Here, the petitioners claim that they have a better right of possession over the subject property as they are the heirs of one of
its original co owners and they have been in lawful possession and occupation thereof ever since, thus, they cannot be
dispossessed of the subject property. The respondent, on the other hand, based his claim of ownership and right of possession
over the subject property on a certificate of title issued in his name. However, the respondent, being a mere transferee of the
subject property who has knowledge that his transferor's mortgaged right over the same has been cancelled with finality by
the court, merely stepped into his transferor's shoes, thus, he has no right over the subject property.

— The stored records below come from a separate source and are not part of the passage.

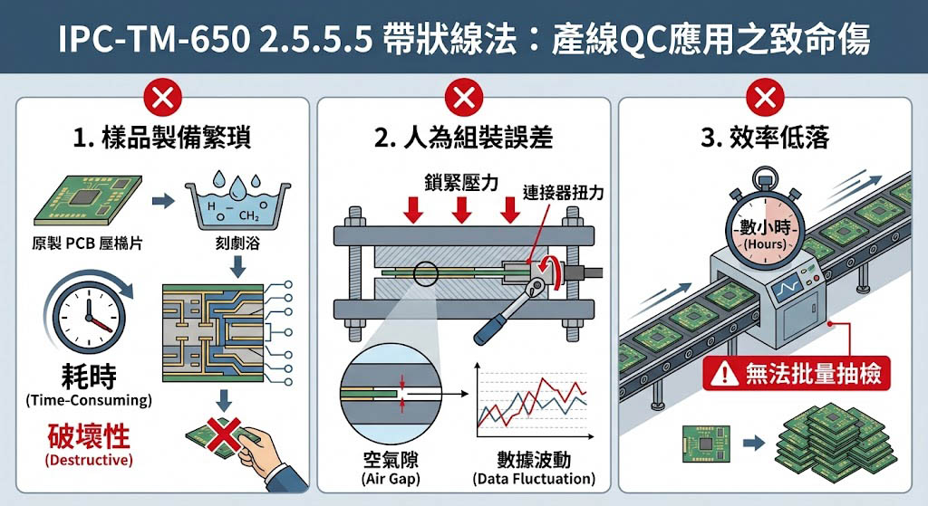 在探討解決方案之前,我們必須先理解問題的本質,在 PCB 與 CCL 產業中,歷史悠久的測試方法如 IPC-TM-650 2.5.5.5 (帶狀線法/Stripline) 雖然能提供 Z 軸方向的數據,對於電路設計極具參考價值,但將其應用於產線出貨檢驗 (QC) 卻存在致命傷:
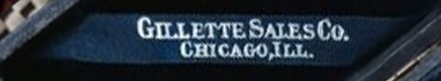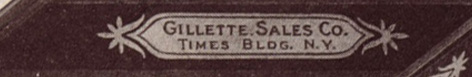 - "GILLETTE SALES CO. TIMES BLDG. N.Y." with ornamental design. Shown on catalog and adverts from 1905.
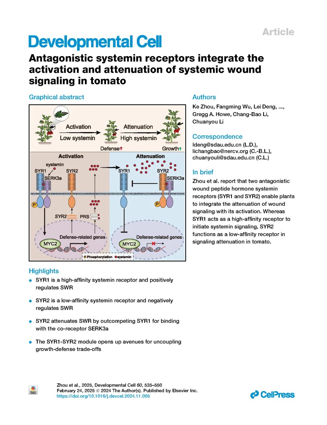 系统素调控植物免疫稳态成果发表在Developmental Cell
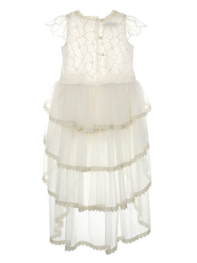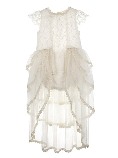 SWEET SPRING Φόρεμα βάπτισης με δαντέλα Ασύμμετρο φόρεμα με εντυπωσιακό μανίκι και λαιμόκοψη, από υπέροχο τούλι με Γαλλική δαντέλα,διακοσμημένο με ...
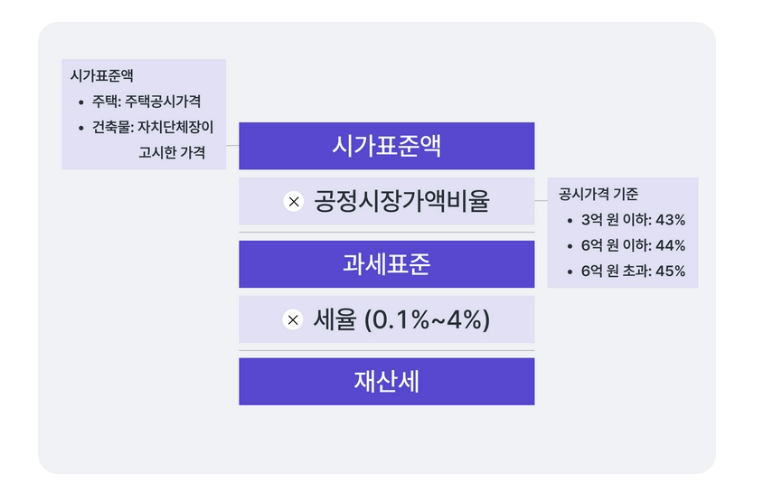 먼저 과세표준을 산정하는데, 이는 시가표준액에 공정시장가액비율을 곱하여 계산됩니다. 주택의 경우 주택공시가격이 기준이 되며, 건축물은 지방자치단체장이 고시한 가격, 토지는 개별공시지가가 적용됩니다. 다음으로 이렇게 산출된 과세표준에 재산세율(0.1%-4%)을 곱하여 최종 재산세가 결정됩니다.

ISSUE: Who between the parties has the better right to possess the property?

HELD:

The petitioners have the better right to possess the property. It is true that a title issued under the Torrens system is entitled to
all the attributes of property ownership, which necessarily includes possession. 30 As such, ordinarily, the Torrens title holder
over the subject properties is considered the rightful owner who is entitled to possession thereof. But, in this case, it has not
been disputed that the petitioners have been in continuous possession of the subject property in the concept of ownership and
not by mere tolerance of the respondent. Moreover, the latter has knowledge that his transferor has no more right to enforce
the mortgage over the subject property on the ground of prescription as stated in the RTC Decision in Civil Case No. 98-
1360. The trial court also declared therein that Arnold's extrajudicial foreclosure and auction sale of the subject property was
non-existent and void, which ruling already attained finality. As such, it would appear that the respondent's right over the
subject property is highly questionable. Under these circumstances, the respondent cannot simply oust the petitioners from
possession through the summary procedure of an ejectment proceeding.